4.2 Adoptive transfer
The recipient mice received a sublethal dose of γ-irradiation (560–700 rad), and on the following day they were injected i.v. with 2×107 erythrocyte-depleted spleen cells. Wt, RIP-B7.1 and RIP-TNFα recipient mice were 6–11 weeks old at the time of transfer whereas B7/TNFα recipients were 3–4 weeks old. Urinary sugar was measured twice weekly, and when positive, the blood glucose level was determined. The mice were defined as diabetic when the blood glucose level in two consecutive measurements exceeded 15 mM.
4.3 Islet transplantations
Islets were isolated from 6–8-week-old mice by collagenase treatment of the pancreas followed by handpicking of the islets. The islets were cultured for 6 days at 37°C in RPMI supplemented with 10% FBS, 11 mM glucose, 2 mM glutamine, 20 mM Hepes, 100 IU/ml penicillin and 100 μg/ml streptomycin. The day before transplantation, viable islets (as assessed by visual inspection) were recounted and transferred to medium containing 0.5% NU serum instead of calf serum. Diabetic B7/TNFα mice were anesthetized, and 250 islets were placed under the left kidney capsule.

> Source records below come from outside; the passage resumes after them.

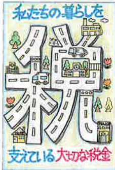
【練馬東法人会】 宮代 桃花さん(6年生)
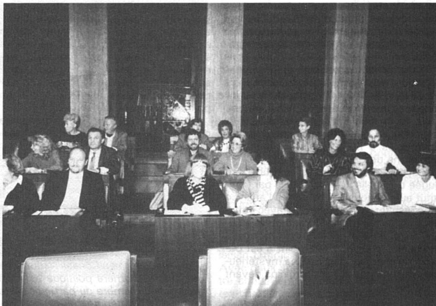
Le groupe des députés socialistes dans la salle du Grand Conseil genevois, en décembre 1986 : 11 femmes et 7 hommes (un homme malade ne figure pas sur la photo). L'exception qui confirme la règle !

Le cas du canton de Vaud, enfin, est exemplaire. Aux élections cantonales de
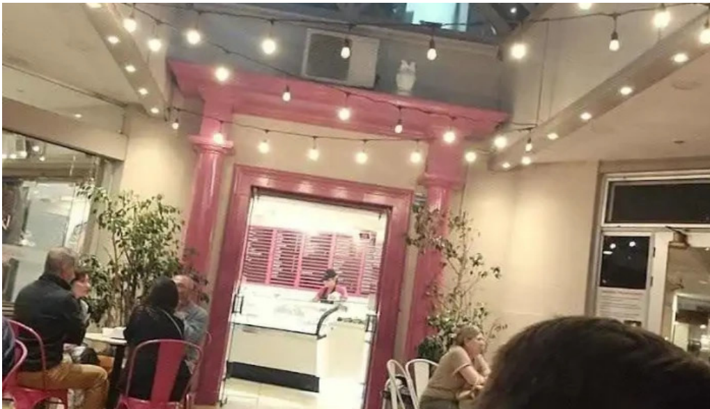
Heladeria las delicias mas recientes
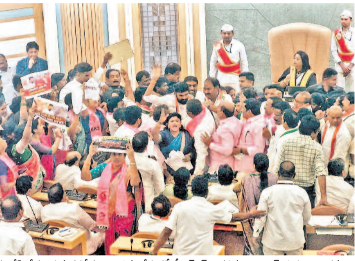
జీహెచ్ఎంసీ పాలకమండలి భేటీ నుంచి బీఆర్ఎస్ కార్యకర్తలను అరెస్టు చేసి తీసుకెళ్తున్న పోలీసులు.. సమావేశంలో బీఆర్ఎస్ నిరసనపై కాంగ్రెస్ నభ్యుల దౌర్భాగం
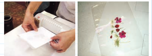
フィルムをくりりと覆えるぐらいの大きさにカットした白紙で、押し花を挟んだフィルムをはさみゆっくりとラミネーターに通して圧着していきます。 ※ラミネーターの熱でお子さまが火傷しない様に注意しましょう。 ※ラミネーターに通す時にはフィルムの開く口と反対の方から通す様にします。
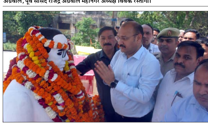
अंबेडकर मूर्ति पर माल्यार्पण करते जिलाधिकारी।
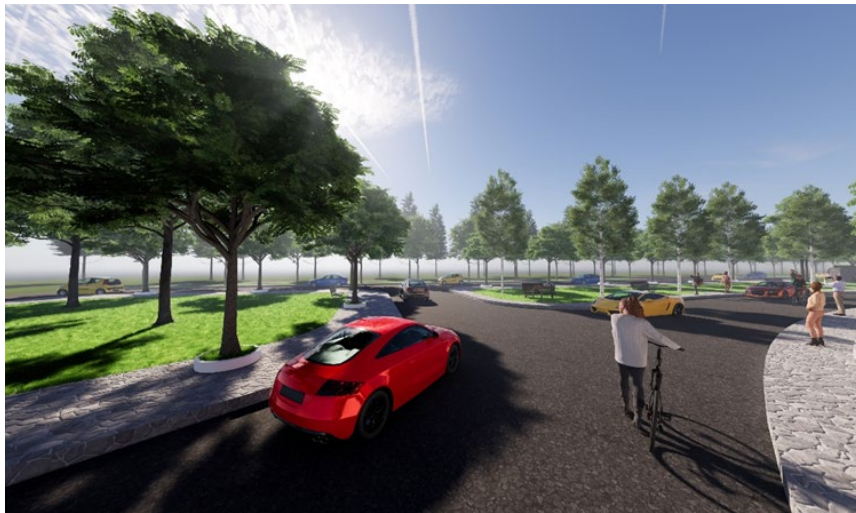
GAMBAR 10 Akses Keluar
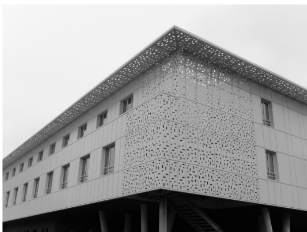
Das neue Gebäude in der Außenansicht.

Die Klimalösung mit dem Deckeninduktionsdurchlass TROX DID-E in den Zimmern und DID632 in den Gemeinschaftsbereichen erfüllt dank der großen Induktionsfähigkeit die allgemeinen Energiekriterien des Gebäudes. Die Deckeninduktionsdurchlässe DID-E sind ab Werk mit einem kompletten Abluftsystem (Anschlüsse, abnehmbares Gitter) versehen, um die Planungsanforderungen der Baustelle zu erfüllen. Nichts wird dem Zufall überlassen: Die VFL-Regler reduzieren ab einem Druck von 30 Pa den Betriebsdruck der Anlagen und sorgen so für noch größere Kosteneinsparungen.
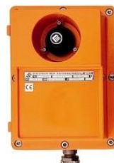
Repetidor ATEX KLM214
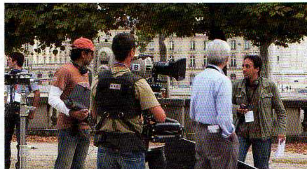
Ali Cherkaoui (à droite) avec Night Shyamalan ( Sixième sens, Incassable... ) sur le tournage de son dernier film à Paris ( The Happening ).

préparation du film et du tournage, il a consacré des centaines d'heures de travail pour mettre au point un outil destiné à gérer le planning, les costumes, les accessoires, la paye et les contrats, à générer un code-barres et à imprimer une carte plastifiée pour chaque figurant (ci-dessous). Ce système a été amélioré sur des grands tournages comme Kundun , Gladiator ou La momie . Sa prochaine étape, rendre ces infos accessibles sur un iPhone. "Je suis sûr qu'il y a des milliers de choses à faire avec le téléphone d'Apple." www.alitronics.com
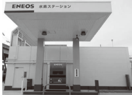
大野城市内の水素ステーション
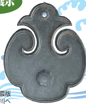
海晏寺銅製雲版 上総から品川へ
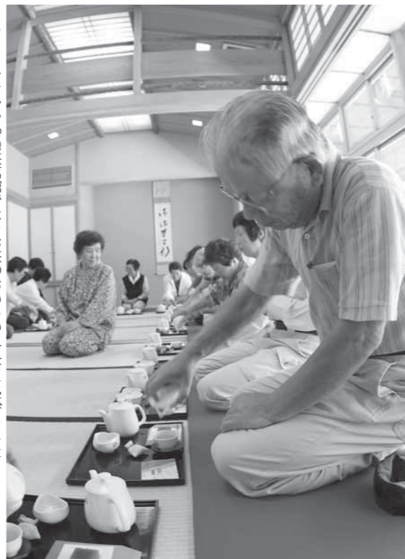
フォーレなかかわね茶茗館では、お茶の美味しい入れ方を学びました

4.4 Streptozotocin injections
STZ was dissolved in 0.1 M citric acid, pH 4.6, to 20 mg/ml, and the mice were immediately injected i.p. with 200 mg STZ/kg body weight. Engraftment of islets was done the following day beforedevelopment of hyperglycemia.
4.5 Grafting of embryonic pancreas
Heterozygous RIP-B7.1 and RIP-TNFα mice were mated to generate all possible combinations of the transgenes, and E18 embryos were collected and sexed, and the fetal liver and pancreas were taken. The pancreata were cultured for 1–2 days prior to engraftment under the kidney capsule. Meanwhile, the embryos were typed by PCR on liver DNA 8.
4.6 Immunohistochemistry
The kidneys with the grafted islets or pancreata were fixed in 4% formalin and embedded in paraffin. Sections (4 μm) were stained for insulin (HUI-18 mouse anti-insulin, Novo Nordisk A/S) or glucagon (Glu-001 mouse anti-glucagon, Novo Nordisk A/S) and counterstained with hematoxylin.
4.7 Scoring of the rejection
The degree of rejection was determined by histological observation as well as immunostaining of insulin-producing β-cells and glucagon-producing α-cells and arbitrarily quantified as indicated in Table 2. Only grafts where some remnant of tissue could be observed were further considered in the study to discard any technical artifacts inherent to the surgery.
4.8 Adult thymectomy
Adult thymectomy was performed on 4–6-week-old mice by suction of the thymic lobes. Mice were allowed to rest for 1 month before grafting.
Acknowledgements
We would like to thank Eva Krøyer and Camilla Stewart for invaluable assistance with animal experiments and D. Butkus for help with the surgery. The Hagedorn Research Institute is an independent research component of Novo Nordisk A/S. R. A. Flavell is an investigator of the Howard Hughes Medical Institute. This work was supported by a research grant toB. K. Michelsen from the Danish Research Agency under the FREJA program, a Ph.D. stipend from the Danish Research Academy to K. Skak, a grant from the NIH to R. A. Flavell, a Cancer Research Institute/Rudolph M. Montgelas Fellowship to S. Guerder, the Yale Diabetes Endocrinology Research Center, and Novo Nordisk A/S.